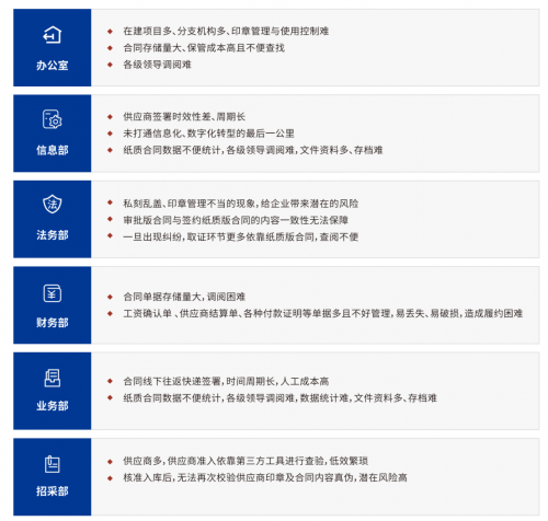 建筑企業(yè)各部門面臨的合同痛點(diǎn)(摘自《白皮書》)
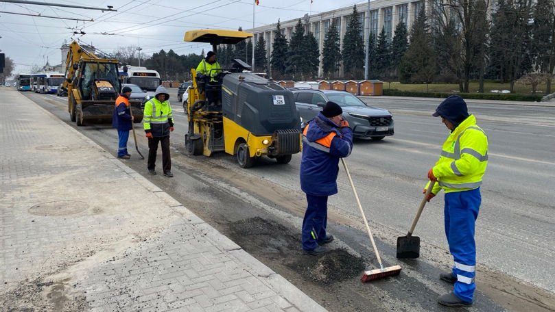 Primăria Chișinău anunță că, la această oră, pe străzile Capitalei sunt mobilizați sute de muncitori pentru executarea lucrărilor de frezare și plombare a porțiunilor de carosabil deteriorate.
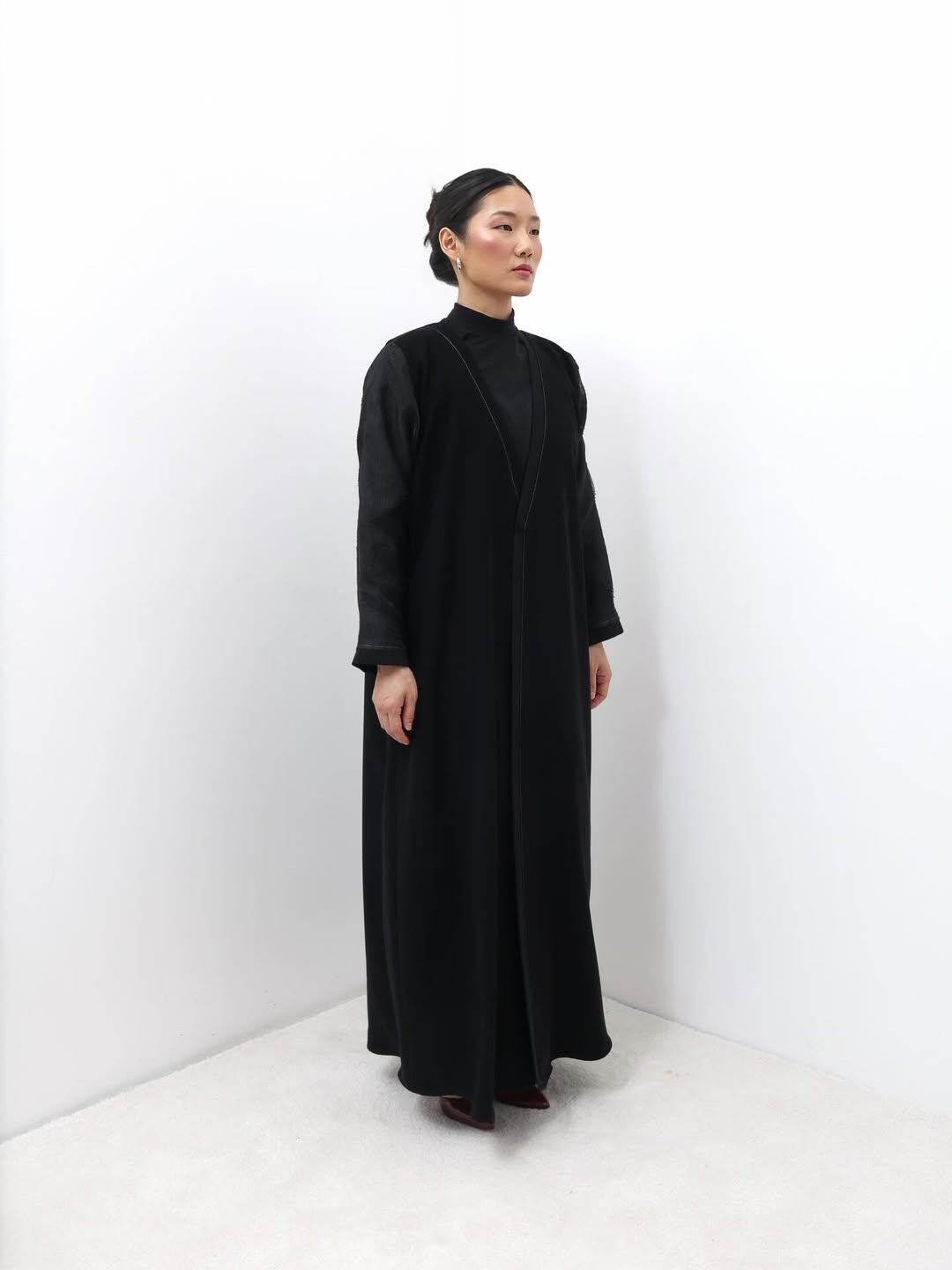 عبايه صممت بقماش خاص بعلامتنا التجاريه شديد السواد ، مع اضافه الاورقنزا وخبوط الزري لاعطاء العبايه اكثر جماليه 🪞

→ ABOUT THIS TASK
Set down the material above word for word and skip its pictures.

→ OUTPUT OF THE TASK
 建筑企業(yè)各部門面臨的合同痛點(diǎn)(摘自《白皮書》)
 Primăria Chișinău anunță că, la această oră, pe străzile Capitalei sunt mobilizați sute de muncitori pentru executarea lucrărilor de frezare și plombare a porțiunilor de carosabil deteriorate.
 عبايه صممت بقماش خاص بعلامتنا التجاريه شديد السواد ، مع اضافه الاورقنزا وخبوط الزري لاعطاء العبايه اكثر جماليه 🪞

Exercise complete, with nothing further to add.